Countries that embraced this logic transformed population growth into prosperity. China, often cited as a cautionary tale of overpopulation, did not lift hundreds of millions out of poverty by reducing its population. It did so by liberalizing production, welcoming investment, and building relentlessly at scale.

India, by contrast, liberalized selectively and hesitantly. Where it did so—telecom, aviation, parts of manufacturing—the results were dramatic. Prices fell, access expanded, and quality improved. Where it did not, scarcity persisted.

Blaming people is politically convenient

There is another reason population remains the default excuse: it absolves decision-makers of responsibility. If the problem is “too many people,” then no one is accountable. Policies are not questioned. Systems are not reformed. The status quo survives.

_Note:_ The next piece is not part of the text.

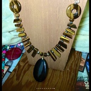 This absolutely stunning pure raw tigers eye crystal onyx statement necklace is just so exquisite and beautiful one of my proudest creations

Blaming population also carries a subtle moral judgment—that people are somehow at fault for existing, aspiring, and demanding basic services. This mindset quietly shifts the burden of failure from institutions to citizens.

It is a deeply anti-democratic idea.

India stands at a crossroads. One path continues the familiar cycle: regulate, restrict, underbuild, and then blame population for the resulting shortages. This path leads to perpetual frustration, social tension, and wasted potential.

The other path is harder but more honest. It accepts population as a given and builds accordingly. It liberalizes sectors that matter, simplifies approvals, encourages scale, and treats private investment as a partner rather than a threat.

This path does not guarantee perfection. But it guarantees progress.

It’s mismanagement: Stop apologizing for high population

India does not need fewer people. It needs more confidence in its ability to build for them. A large population is not an excuse for failure; it is a test of governance. Countries fail not because they have too many citizens, but because they refuse to empower production at scale.

The choice is stark. Either India liberalizes, builds, and produces for its millions—or it continues to blame those very millions for wanting electricity, housing, education, healthcare, and dignity. Population is not the problem. The refusal to build for it is.